* WHAT NEEDS TO BE DONE
In the entries below, which lines run from the one with "E l nuevo gobierno" through the one with "Gambar 6. Perspektif ruang tunggu outdoor"? Repeat exactly those, both included, and no pictures.

=======

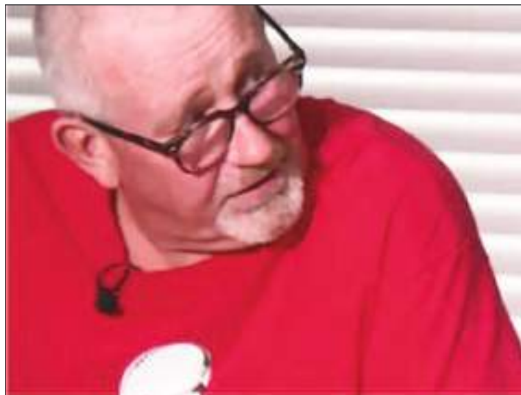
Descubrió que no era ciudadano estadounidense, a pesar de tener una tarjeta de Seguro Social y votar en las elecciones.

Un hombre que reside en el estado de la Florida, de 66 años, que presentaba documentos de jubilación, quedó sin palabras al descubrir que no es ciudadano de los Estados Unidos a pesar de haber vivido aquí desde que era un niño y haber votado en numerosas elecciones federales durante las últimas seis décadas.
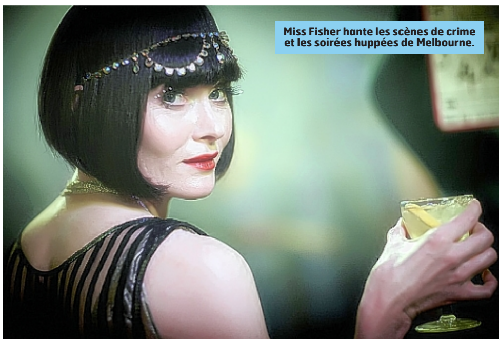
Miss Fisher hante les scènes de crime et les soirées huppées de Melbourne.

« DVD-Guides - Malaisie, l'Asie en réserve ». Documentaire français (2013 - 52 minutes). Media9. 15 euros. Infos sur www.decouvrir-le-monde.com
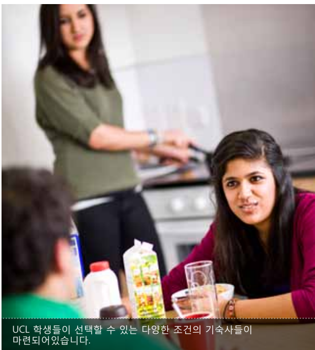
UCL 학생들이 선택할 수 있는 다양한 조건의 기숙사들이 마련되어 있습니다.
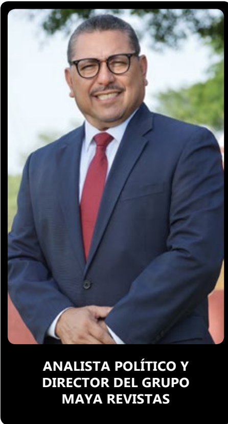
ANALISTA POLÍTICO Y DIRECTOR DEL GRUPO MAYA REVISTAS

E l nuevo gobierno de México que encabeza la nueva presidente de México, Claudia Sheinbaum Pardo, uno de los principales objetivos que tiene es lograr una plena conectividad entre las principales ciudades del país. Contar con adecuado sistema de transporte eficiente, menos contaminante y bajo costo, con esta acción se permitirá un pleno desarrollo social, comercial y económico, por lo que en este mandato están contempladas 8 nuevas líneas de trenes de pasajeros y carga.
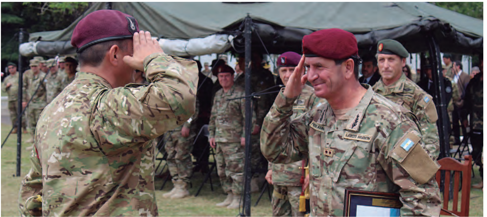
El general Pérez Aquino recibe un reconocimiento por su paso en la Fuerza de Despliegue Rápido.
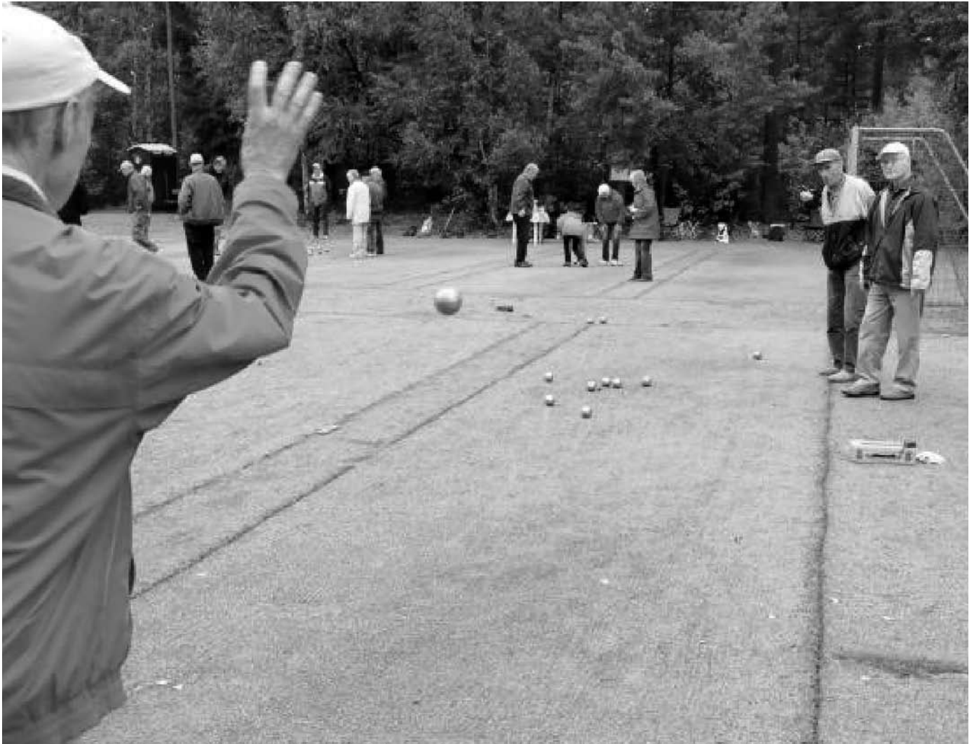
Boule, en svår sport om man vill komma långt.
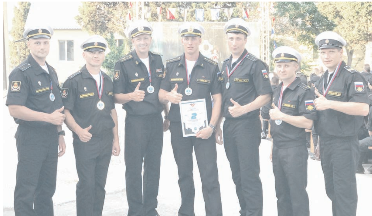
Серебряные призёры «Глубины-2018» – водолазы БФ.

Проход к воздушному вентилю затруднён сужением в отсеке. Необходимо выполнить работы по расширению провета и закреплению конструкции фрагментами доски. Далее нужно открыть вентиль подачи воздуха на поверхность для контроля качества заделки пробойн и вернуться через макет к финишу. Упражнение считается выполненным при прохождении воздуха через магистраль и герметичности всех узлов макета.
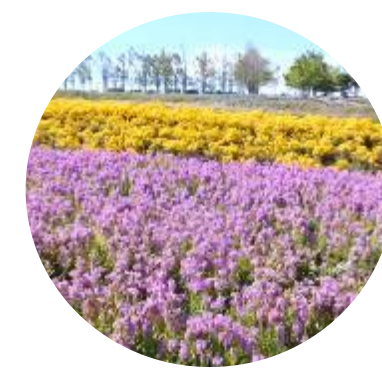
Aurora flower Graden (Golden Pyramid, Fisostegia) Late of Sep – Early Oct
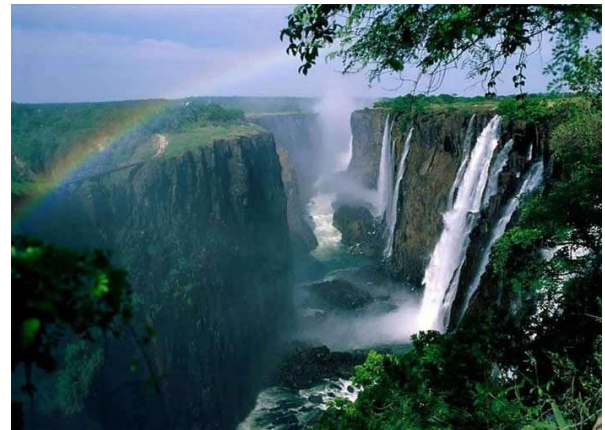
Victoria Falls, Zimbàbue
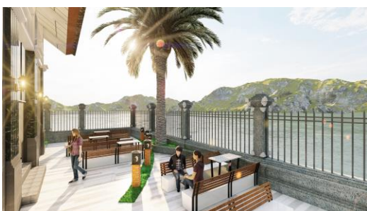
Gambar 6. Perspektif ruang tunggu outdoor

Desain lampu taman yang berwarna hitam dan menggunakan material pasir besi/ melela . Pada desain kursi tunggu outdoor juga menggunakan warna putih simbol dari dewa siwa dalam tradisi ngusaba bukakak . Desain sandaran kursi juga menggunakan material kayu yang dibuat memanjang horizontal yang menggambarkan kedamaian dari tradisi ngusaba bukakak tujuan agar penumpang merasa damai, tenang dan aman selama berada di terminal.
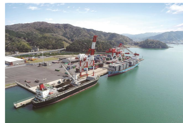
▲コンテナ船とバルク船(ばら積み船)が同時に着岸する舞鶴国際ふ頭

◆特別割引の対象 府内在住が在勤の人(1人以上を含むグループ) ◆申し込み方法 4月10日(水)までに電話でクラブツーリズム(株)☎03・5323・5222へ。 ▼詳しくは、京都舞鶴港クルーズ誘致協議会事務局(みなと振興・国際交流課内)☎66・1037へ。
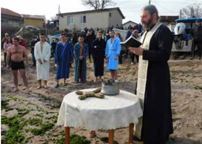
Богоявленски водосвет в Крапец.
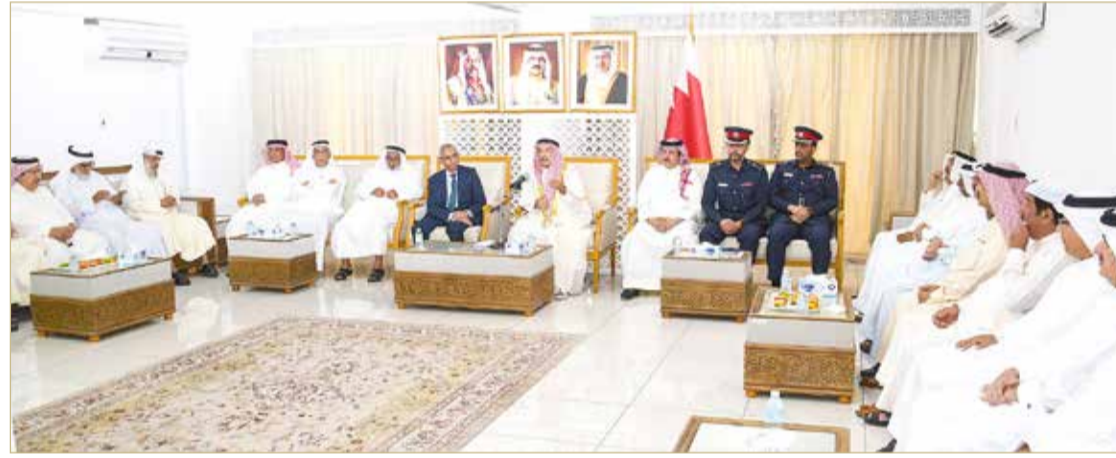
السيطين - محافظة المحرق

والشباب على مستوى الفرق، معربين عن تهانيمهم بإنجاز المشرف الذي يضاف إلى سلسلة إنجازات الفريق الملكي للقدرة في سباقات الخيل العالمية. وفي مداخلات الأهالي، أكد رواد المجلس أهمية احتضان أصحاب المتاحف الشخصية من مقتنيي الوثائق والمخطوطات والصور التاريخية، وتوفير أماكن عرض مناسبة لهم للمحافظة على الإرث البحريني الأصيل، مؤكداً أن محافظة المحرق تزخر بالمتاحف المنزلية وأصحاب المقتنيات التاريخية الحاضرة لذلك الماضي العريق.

=======

* SOLUTION
E l nuevo gobierno de México que encabeza la nueva presidente de México, Claudia Sheinbaum Pardo, uno de los principales objetivos que tiene es lograr una plena conectividad entre las principales ciudades del país. Contar con adecuado sistema de transporte eficiente, menos contaminante y bajo costo, con esta acción se permitirá un pleno desarrollo social, comercial y económico, por lo que en este mandato están contempladas 8 nuevas líneas de trenes de pasajeros y carga.
El general Pérez Aquino recibe un reconocimiento por su paso en la Fuerza de Despliegue Rápido.
Boule, en svår sport om man vill komma långt.
Серебряные призёры «Глубины-2018» – водолазы БФ.

Проход к воздушному вентилю затруднён сужением в отсеке. Необходимо выполнить работы по расширению провета и закреплению конструкции фрагментами доски. Далее нужно открыть вентиль подачи воздуха на поверхность для контроля качества заделки пробойн и вернуться через макет к финишу. Упражнение считается выполненным при прохождении воздуха через магистраль и герметичности всех узлов макета.
Aurora flower Graden (Golden Pyramid, Fisostegia) Late of Sep – Early Oct
Victoria Falls, Zimbàbue
Gambar 6. Perspektif ruang tunggu outdoor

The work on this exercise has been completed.